Crimezine Exclusive: World’s first detective novel back in print after 150 years

Posted: April 16, 2012 in Crime Fiction Books
Tags: , , , ,

No trivia fans, the first detective novel wasn’t by Edgar Allen Poe, Sir Arthur Conan Doyle, or Emile Gaboriau.

The Notting Hill Mystery by Charles Felix, [AKA Charles Warren Adams] is believed by The British Library to be the first detective novel ever published,


First Detective—Charles Felix

and it is back in print for the first time in a century-and-a-half.
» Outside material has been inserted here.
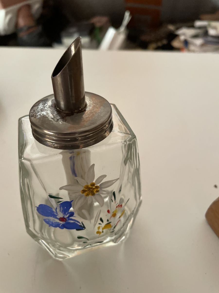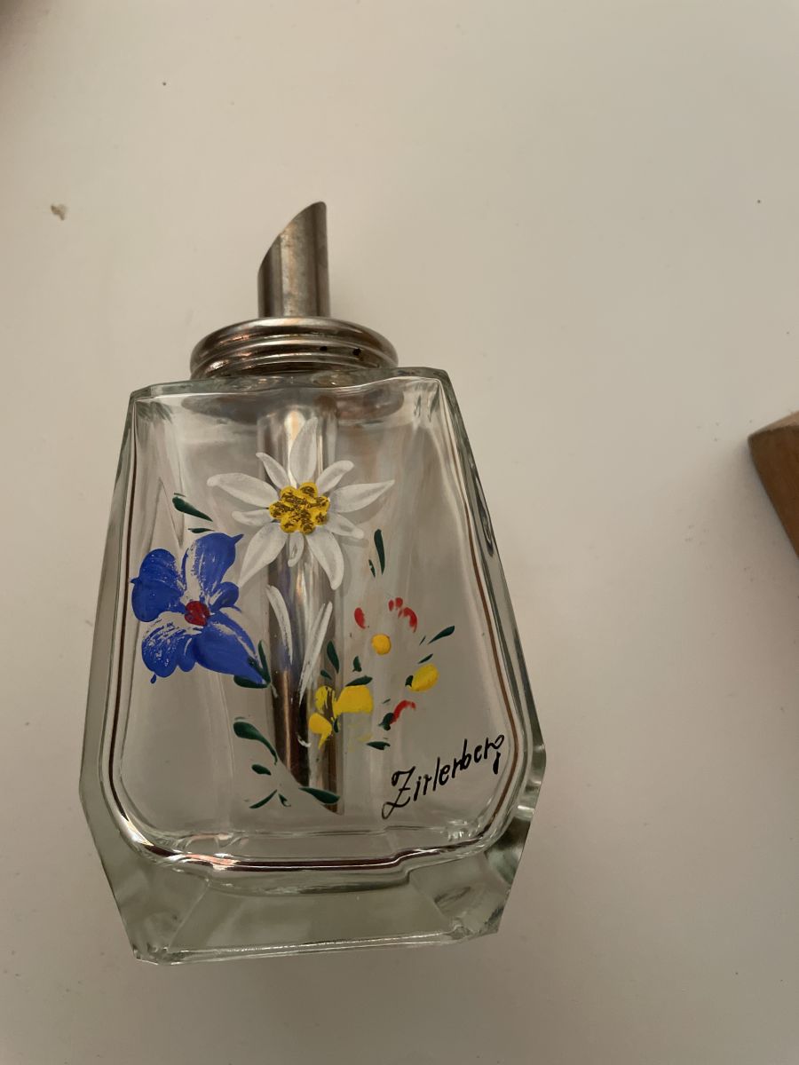 Sucrier en verre, décor edelweiss peint à la main, signature ou marque « Zirlerberg ».

The story features, poisoning, hypnotism, kidnapping and a series of crimes, “in their nature and execution too horrible to contemplate”
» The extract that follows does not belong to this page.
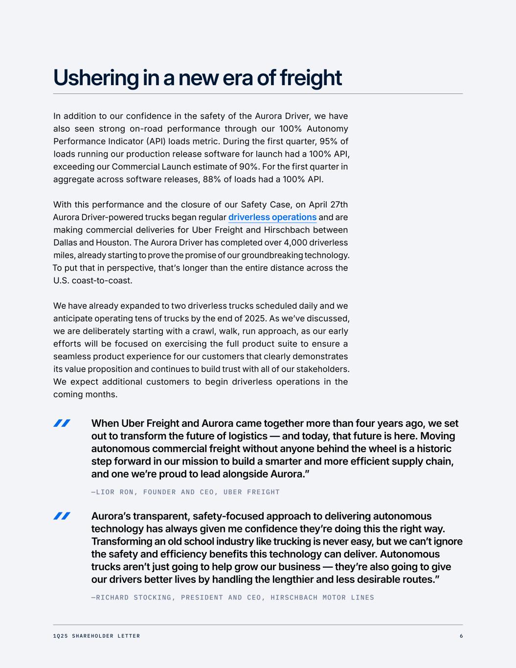 Ushering in a new era of freight In addition to our confidence in the safety of the Aurora Driver, we have also seen strong on-road performance through our 100% Autonomy Performance Indicator (API) loads metric. During the first quarter, 95% of loads running our production release software for launch had a 100% API, exceeding our Commercial Launch estimate of 90%. For the first quarter in aggregate across software releases, 88% of loads had a 100% API. With this performance and the closure of our Safety Case, on April 27th Aurora Driver-powered trucks began regular driverless operations and are making commercial deliveries for Uber Freight and Hirschbach between Dallas and Houston. The Aurora Driver has completed over 4,000 driverless miles, already starting to prove the promise of our groundbreaking technology. To put that in perspective, that’s longer than the entire distance across the U.S. coast-to-coast. We have already expanded to two driverless trucks scheduled daily and we anticipate operating tens of trucks by the end of 2025. As we’ve discussed, we are deliberately starting with a crawl, walk, run approach, as our early efforts will be focused on exercising the full product suite to ensure a seamless product experience for our customers that clearly demonstrates its value proposition and continues to build trust with all of our stakeholders. We expect additional customers to begin driverless operations in the coming months. When Uber Freight and Aurora came together more than four years ago, we set out to transform the future of logistics — and today, that future is here. Moving autonomous commercial freight without anyone behind the wheel is a historic step forward in our mission to build a smarter and more efficient supply chain, and one we’re proud to lead alongside Aurora.” —LIOR RON, FOUNDER AND CEO, UBER FREIGHT Aurora’s transparent, safety-focused approach to delivering autonomous technology has always given me confidence they’re doing this the right way. Transforming an old school industry like trucking is never easy, but we can’t ignore the safety and efficiency benefits this technology can deliver. Autonomous trucks aren’t just going to help grow our business — they’re also going to give our drivers better lives by handling the lengthier and less desirable routes.” —RICHARD STOCKING, PRESIDENT AND CEO, HIRSCHBACH MOTOR LINES 61Q25 SHAREHOLDER LETTER

It has been suggested that Wilkie Collins’s novel The Moonstone, published in 1868, and Emile Gaboriau’s first Monsieur Lecoq novel L’Affaire Lerouge, released in 1866, were the first detective stories, but the British Library says: The Notting Hill Mystery can truly claim to be the first modern detective novel.
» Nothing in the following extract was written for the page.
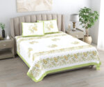 Bring freshness and serenity to your bedroom with this Queen size bedsheet from our Kaya Collection. Designed with a clean white base and soft green artistic prints, it adds a natural, soothing touch to your space while keeping the look minimal and classy. Crafted in Jaipur from 100% pure cotton, this luxury bedsheet is soft, breathable, and durable for year-round comfort.

First serialized between 1862 and 1863 in the magazine Once a Week, the novel was published in its entirety in 1863 but has been out of print since the turn of the century. The plot features insurance investigator Ralph Henderson, and his struggle to bring wife killing fraudster Baron R___ to justice.

The book uses letters, diary entries, crime reports, witness interviews, maps and forensic evidence—techniques that would not become common features of detective fiction until the 1920’s. The investigation uncovers a heady collection of villainy, including an evil hypnotist, gypsy-kidnappers, poisoners and murder most foul.

The plot has been described as strikingly modern, ingenious and utterly mad. The British Library first made the novel available via print-on-demand last March, as part of a collection of 19th century novels. While most sold just two to three copies apiece, The Notting Hill Mystery took off following a glowing review in the New York Times. The Notting Hill Mystery is now available as a trade paperback.

The British Library’s new edition  of The Notting Hill Mystery contains photographs of the original 1863 edition, which featured illustrations by George du Maurier, grandfather of  writer and playwright Daphne.

  1. A useful, and interesting news flash. I really appreciated it.

    • tonybulmer says:

      Thanks Keith, you will no doubt be pleased to hear that the long delay on the latest Harlen Coben review has been caused by your comments on the Killer in the Rain collection which I am now re-reading with great enthusiasm and the weather this week in Los Angeles was Chandler appropriate!

  2. Tony Bulmer says:

    Crimezines story on the Notting Hill Mystery has caused a great deal of consternation amongst followers of the Mighty Poe. Let Crimezine reassure you that we remain deeply committed from the bottom of our dark beating hearts —to the work of Poe.
    Please accept this tasty link by way of compensation—

  3. spikey says:

    Edgar Allen Poe wrote the first detective novel. Only a British twat would claim otherwise.